Google’s newest artificial intelligence (AI) ethicist sees the controversial technology as a tool for hope.
- Alphabet recently hired James Manyika, a Zimbabwean computer scientist with experience in Silicon Valley and serving on President Barack Obama’s Global Development Council, in January as an executive.
- He is helping oversee ethical issues in regard to AI models.
- The company announced yesterday it would commit $25 million toward the UN’s Sustainable Development Goals and making AI more available and opening a website that allows for applications for research grants and funding.
- “The Google SVP unveiled a new project Thursday to bring artificial intelligence to sustainable development efforts, as Google pushes forward with ambitious AI plans and tries to move past previous controversies,” says Fortune.
- Google is reportedly seeking to repair its image following a backlash against firing computer scientist Timnit Gebru in 2020.
- Gebru was fired for submitting a research paper that suggested the dangers of large language models, that they might be biased towards marginalized groups.
Why it’s important
Google parent Alphabet strives for diversity and equity but it faces numerous accusations within and without claiming that it does not provide adequate assistance to “marginalized voices.”
“[Gebru] accused the company of ‘silencing marginalized voices’ and dismissed Google’s internal diversity programs as a waste of time,” says Wired.
“Thousands of Google employees signed an open letter protesting Gebru’s firing, and [Alphabet’s CEO] apologized, saying that the way the company had handled the matter led some in our community to question their place at Google,” says Fortune.
Manyika says that he is happy with the serious approach the company has internally taken to reassert its commitments and use AI responsibly and ethically, Fortune reports.
He describes himself as a “techno-optimist” and believes that the same language models that Gebru accused of bias can be applied in ways to help create warning systems for floods or pests in countries like Ghana, Bangladesh, and India.
“Eschewing work on the models altogether would mean depriving people, including those most in need, of vital benefits.

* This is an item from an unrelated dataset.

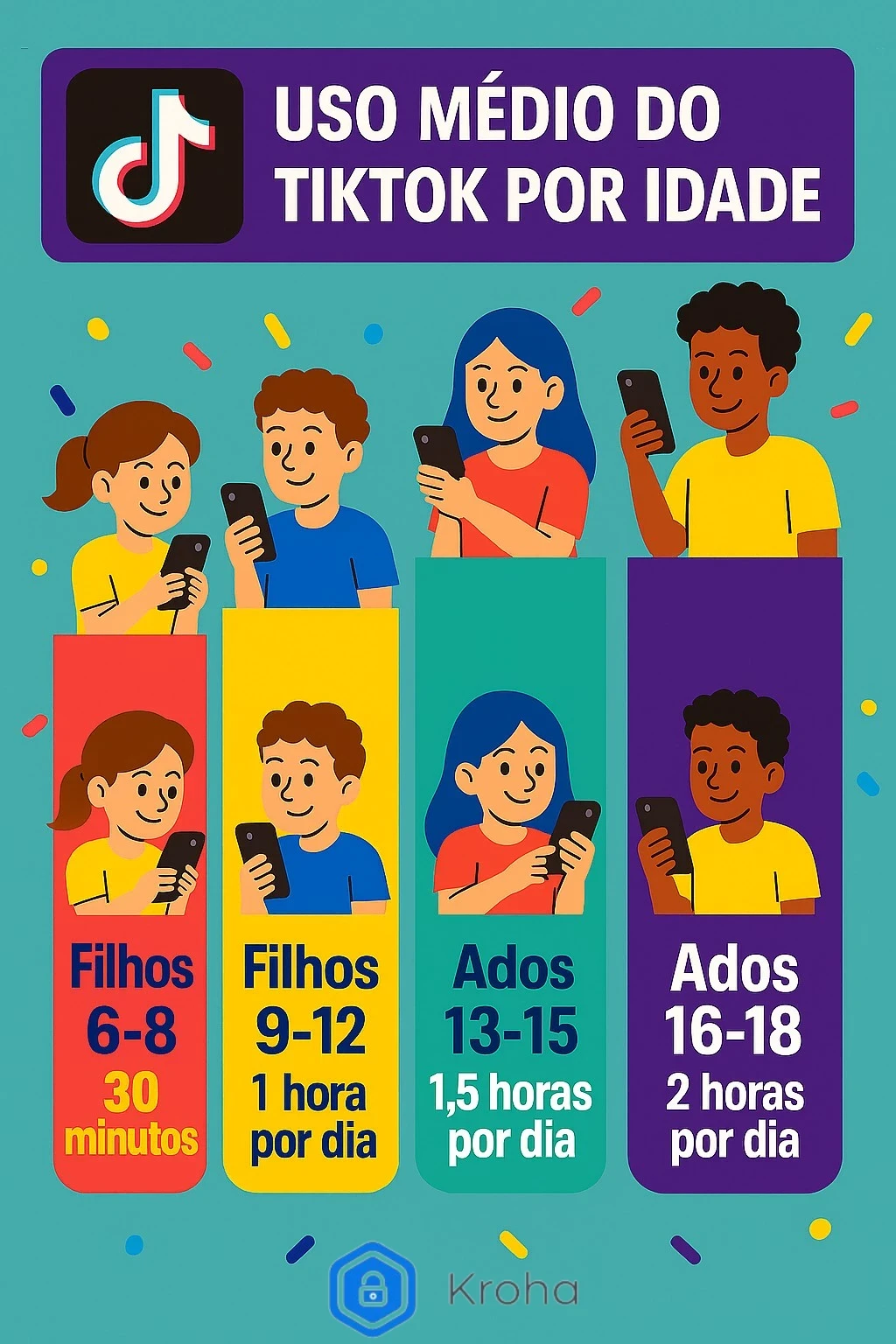 Caso prático: A família Rodrigues instalou o Kroha e configurou o bloqueio do TikTok no celular da criança das 21h00 às 7h00, o que permitiu à criança manter um sono de qualidade e focar nos estudos durante o dia.

For instance, he said such models had enabled automatic translation of ‘low-resource’ languages—those for which relatively little written material exists in digital form—for the first time… These include languages such as Luganda, spoken in East Africa, and Quechua, spoken in South America… Translation allows native speakers to connect with the rest of the world via the internet and communicate globally in ways they never could before,” says Fortune.